In the mid-1950s, the United States government covertly arranged to build a fallout shelter to house the entire U.S. Congress underneath the Greenbrier Resort in White Sulphur Springs, WV. Using the building of a new hotel addition—paid for by the Eisenhower administration—as a cover, the government set out to build a Congress deep beneath the ground. As part of this Faustian deal, the five-star hotel agreed that in case of nuclear war—or even just a realistic threat—the entire hotel would be commandeered by the government, hot tubs and all.

A post-nuclear seat of congressional government, this was truly intended to house only the congressmen and their aids. It was not designed to accommodate their spouses or children, who would presumably have to find shelter somewhere else.

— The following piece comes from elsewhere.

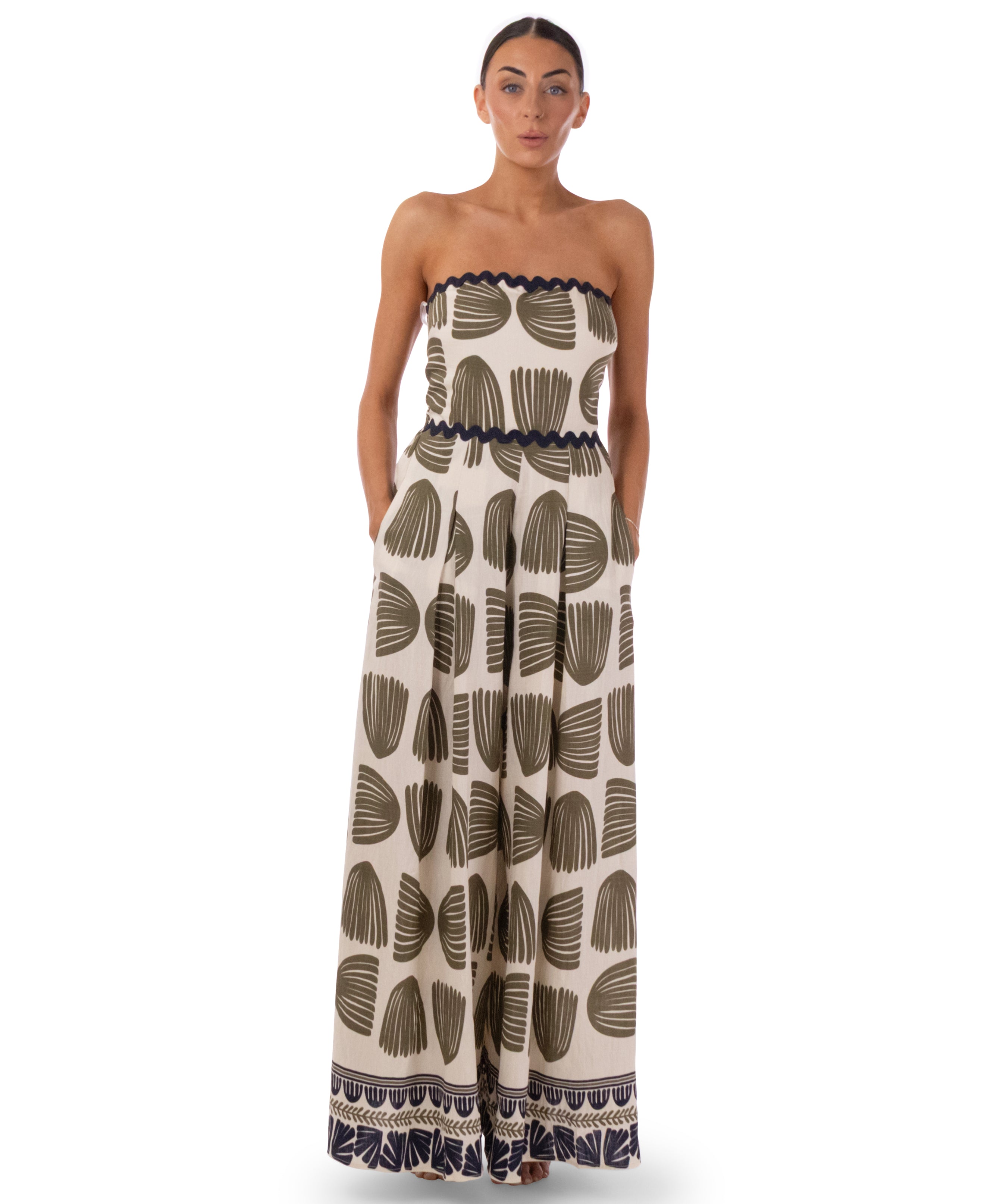 • Cream jumpsuit with dark green leaf print

To help ensure its secrecy the bunker was operated by a dummy company known as Forsythe Associates and workers on the bunker all dressed as hotel audiovisual employees. Any calls going in and out of the bunker were routed through the hotel switchboard so it looked as if they originated from and were going to the Resort.

The shelter was fully equipped and among the standard bunk beds, televisions, and furniture that populate the “Graceland of Atomic Tourism,” there are a few very curious items. Among these are a special room meant for holding and calming members of Congress who can’t handle the stress, and an incinerator meant for “pathological waste,” or the Congresspeople’s irradiated bodies. A huge 100-foot radio tower installed approximately four miles away was connected to the bunker so that the congressmen could broadcast emergency messages.

Completed in 1958, the shelter is no longer operative since its location was revealed in a 1992 Washington Post article.

Currently, the shelter houses the offices of a data storage company, but for three decades it was fully stocked with food, furniture, and even current magazines. The shelter even had two mock chambers of Congress, complete with flags, microphones, and pictures of the founding fathers, all equipped to carry on U.S. government operations in case of nuclear war.

There are now guided tours throughout the week.